Records from a data source
[Start of section]

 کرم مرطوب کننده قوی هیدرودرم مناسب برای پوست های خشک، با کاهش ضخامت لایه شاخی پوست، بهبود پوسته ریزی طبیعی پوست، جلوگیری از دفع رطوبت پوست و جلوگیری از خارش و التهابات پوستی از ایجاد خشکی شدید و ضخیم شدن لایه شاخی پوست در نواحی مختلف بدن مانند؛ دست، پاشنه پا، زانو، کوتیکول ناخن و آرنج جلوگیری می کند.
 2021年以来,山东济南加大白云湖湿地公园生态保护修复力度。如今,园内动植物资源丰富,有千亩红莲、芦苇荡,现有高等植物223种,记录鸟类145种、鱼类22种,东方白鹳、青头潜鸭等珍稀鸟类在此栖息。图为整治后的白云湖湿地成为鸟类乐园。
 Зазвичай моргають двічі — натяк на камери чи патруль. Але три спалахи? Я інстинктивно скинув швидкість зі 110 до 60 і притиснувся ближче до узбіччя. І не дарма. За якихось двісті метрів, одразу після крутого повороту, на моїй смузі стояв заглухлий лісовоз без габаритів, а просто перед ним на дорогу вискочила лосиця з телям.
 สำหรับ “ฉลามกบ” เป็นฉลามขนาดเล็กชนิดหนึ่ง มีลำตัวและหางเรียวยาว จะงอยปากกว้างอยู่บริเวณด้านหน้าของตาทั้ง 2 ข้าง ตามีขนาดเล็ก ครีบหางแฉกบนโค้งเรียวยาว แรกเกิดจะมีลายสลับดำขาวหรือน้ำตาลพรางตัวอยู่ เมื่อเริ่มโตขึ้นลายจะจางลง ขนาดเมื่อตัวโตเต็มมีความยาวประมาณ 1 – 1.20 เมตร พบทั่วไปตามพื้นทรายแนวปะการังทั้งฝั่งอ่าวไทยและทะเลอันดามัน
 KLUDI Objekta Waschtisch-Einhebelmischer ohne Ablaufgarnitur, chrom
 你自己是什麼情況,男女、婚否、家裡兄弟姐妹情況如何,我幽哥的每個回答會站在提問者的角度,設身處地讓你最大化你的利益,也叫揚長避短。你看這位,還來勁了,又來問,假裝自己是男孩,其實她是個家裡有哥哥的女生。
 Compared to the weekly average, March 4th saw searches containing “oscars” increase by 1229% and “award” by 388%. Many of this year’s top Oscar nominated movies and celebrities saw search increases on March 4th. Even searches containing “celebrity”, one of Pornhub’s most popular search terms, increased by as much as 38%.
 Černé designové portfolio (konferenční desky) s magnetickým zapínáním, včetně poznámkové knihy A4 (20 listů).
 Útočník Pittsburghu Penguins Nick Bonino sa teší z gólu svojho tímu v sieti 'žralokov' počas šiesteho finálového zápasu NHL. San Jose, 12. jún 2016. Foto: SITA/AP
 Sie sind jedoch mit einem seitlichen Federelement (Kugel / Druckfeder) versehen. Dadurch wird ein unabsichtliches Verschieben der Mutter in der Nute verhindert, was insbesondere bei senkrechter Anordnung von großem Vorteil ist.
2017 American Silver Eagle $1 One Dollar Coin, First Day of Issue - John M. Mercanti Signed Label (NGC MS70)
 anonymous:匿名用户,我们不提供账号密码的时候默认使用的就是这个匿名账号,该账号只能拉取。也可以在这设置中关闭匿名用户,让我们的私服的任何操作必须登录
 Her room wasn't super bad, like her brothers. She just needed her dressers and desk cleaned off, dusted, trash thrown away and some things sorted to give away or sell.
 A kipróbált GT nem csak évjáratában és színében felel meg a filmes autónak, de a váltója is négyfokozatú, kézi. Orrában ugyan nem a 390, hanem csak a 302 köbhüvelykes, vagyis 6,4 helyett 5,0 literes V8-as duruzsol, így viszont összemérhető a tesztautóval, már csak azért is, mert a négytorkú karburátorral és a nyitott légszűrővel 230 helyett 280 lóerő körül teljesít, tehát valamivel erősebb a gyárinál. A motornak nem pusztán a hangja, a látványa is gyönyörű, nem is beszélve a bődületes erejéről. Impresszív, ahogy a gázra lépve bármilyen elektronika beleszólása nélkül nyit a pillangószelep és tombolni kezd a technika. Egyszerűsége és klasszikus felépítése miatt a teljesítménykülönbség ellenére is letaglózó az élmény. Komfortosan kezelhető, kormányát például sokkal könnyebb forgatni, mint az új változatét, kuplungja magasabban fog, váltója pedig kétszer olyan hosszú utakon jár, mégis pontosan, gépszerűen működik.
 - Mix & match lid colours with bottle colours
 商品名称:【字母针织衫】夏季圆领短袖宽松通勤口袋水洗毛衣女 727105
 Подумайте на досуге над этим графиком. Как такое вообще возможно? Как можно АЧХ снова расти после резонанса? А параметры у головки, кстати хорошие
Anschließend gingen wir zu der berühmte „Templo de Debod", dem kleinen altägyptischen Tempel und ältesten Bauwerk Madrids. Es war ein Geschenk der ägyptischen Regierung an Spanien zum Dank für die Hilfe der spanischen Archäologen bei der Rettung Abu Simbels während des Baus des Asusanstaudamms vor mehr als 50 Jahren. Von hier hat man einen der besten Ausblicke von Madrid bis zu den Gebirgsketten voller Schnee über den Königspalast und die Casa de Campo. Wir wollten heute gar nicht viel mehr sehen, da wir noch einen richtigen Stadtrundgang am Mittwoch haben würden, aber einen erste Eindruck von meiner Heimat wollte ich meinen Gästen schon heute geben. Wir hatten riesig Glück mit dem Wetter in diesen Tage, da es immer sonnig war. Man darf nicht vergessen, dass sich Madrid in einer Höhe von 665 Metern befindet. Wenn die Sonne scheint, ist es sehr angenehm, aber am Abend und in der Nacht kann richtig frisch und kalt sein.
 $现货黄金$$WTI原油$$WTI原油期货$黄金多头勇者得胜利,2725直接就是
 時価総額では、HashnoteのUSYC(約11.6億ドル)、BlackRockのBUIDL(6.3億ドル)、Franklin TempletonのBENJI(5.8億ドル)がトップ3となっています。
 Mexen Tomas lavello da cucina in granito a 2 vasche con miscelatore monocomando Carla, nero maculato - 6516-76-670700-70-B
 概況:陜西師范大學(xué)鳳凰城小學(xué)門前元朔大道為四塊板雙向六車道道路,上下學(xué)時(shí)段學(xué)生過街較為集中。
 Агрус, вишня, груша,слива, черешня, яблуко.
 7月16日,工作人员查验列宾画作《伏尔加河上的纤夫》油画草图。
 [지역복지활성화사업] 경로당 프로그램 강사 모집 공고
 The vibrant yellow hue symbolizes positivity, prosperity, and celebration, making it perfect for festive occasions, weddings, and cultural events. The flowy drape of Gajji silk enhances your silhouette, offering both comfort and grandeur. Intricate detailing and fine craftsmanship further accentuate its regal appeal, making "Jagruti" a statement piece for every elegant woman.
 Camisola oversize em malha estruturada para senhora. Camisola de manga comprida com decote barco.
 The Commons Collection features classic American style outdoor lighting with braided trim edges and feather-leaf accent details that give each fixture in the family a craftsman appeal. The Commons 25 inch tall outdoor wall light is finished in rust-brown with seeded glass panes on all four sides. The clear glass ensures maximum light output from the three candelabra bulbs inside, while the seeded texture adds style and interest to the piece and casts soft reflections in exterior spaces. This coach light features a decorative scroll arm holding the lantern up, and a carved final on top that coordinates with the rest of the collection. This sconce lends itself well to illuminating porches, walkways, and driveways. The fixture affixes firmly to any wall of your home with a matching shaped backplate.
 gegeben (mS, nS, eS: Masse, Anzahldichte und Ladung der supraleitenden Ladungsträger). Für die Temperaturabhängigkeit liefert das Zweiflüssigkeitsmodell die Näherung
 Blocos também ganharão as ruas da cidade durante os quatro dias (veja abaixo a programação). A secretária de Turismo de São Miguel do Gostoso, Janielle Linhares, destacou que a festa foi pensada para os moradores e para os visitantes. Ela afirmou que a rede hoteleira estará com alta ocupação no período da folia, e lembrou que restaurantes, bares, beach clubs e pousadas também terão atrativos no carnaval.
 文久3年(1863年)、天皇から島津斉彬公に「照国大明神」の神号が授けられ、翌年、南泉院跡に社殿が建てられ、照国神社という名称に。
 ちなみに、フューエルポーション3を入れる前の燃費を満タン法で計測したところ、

[End of section]

PROBLEM TO SOLVE:
Please retype the data exactly as it stands, from its first line down to the line that contains "你自己是什麼情況,男女、婚否", then stop.

RESPONSE TO THIS EXERCISE:
 کرم مرطوب کننده قوی هیدرودرم مناسب برای پوست های خشک، با کاهش ضخامت لایه شاخی پوست، بهبود پوسته ریزی طبیعی پوست، جلوگیری از دفع رطوبت پوست و جلوگیری از خارش و التهابات پوستی از ایجاد خشکی شدید و ضخیم شدن لایه شاخی پوست در نواحی مختلف بدن مانند؛ دست، پاشنه پا، زانو، کوتیکول ناخن و آرنج جلوگیری می کند.
 2021年以来,山东济南加大白云湖湿地公园生态保护修复力度。如今,园内动植物资源丰富,有千亩红莲、芦苇荡,现有高等植物223种,记录鸟类145种、鱼类22种,东方白鹳、青头潜鸭等珍稀鸟类在此栖息。图为整治后的白云湖湿地成为鸟类乐园。
 Зазвичай моргають двічі — натяк на камери чи патруль. Але три спалахи? Я інстинктивно скинув швидкість зі 110 до 60 і притиснувся ближче до узбіччя. І не дарма. За якихось двісті метрів, одразу після крутого повороту, на моїй смузі стояв заглухлий лісовоз без габаритів, а просто перед ним на дорогу вискочила лосиця з телям.
 สำหรับ “ฉลามกบ” เป็นฉลามขนาดเล็กชนิดหนึ่ง มีลำตัวและหางเรียวยาว จะงอยปากกว้างอยู่บริเวณด้านหน้าของตาทั้ง 2 ข้าง ตามีขนาดเล็ก ครีบหางแฉกบนโค้งเรียวยาว แรกเกิดจะมีลายสลับดำขาวหรือน้ำตาลพรางตัวอยู่ เมื่อเริ่มโตขึ้นลายจะจางลง ขนาดเมื่อตัวโตเต็มมีความยาวประมาณ 1 – 1.20 เมตร พบทั่วไปตามพื้นทรายแนวปะการังทั้งฝั่งอ่าวไทยและทะเลอันดามัน
 KLUDI Objekta Waschtisch-Einhebelmischer ohne Ablaufgarnitur, chrom
 你自己是什麼情況,男女、婚否、家裡兄弟姐妹情況如何,我幽哥的每個回答會站在提問者的角度,設身處地讓你最大化你的利益,也叫揚長避短。你看這位,還來勁了,又來問,假裝自己是男孩,其實她是個家裡有哥哥的女生。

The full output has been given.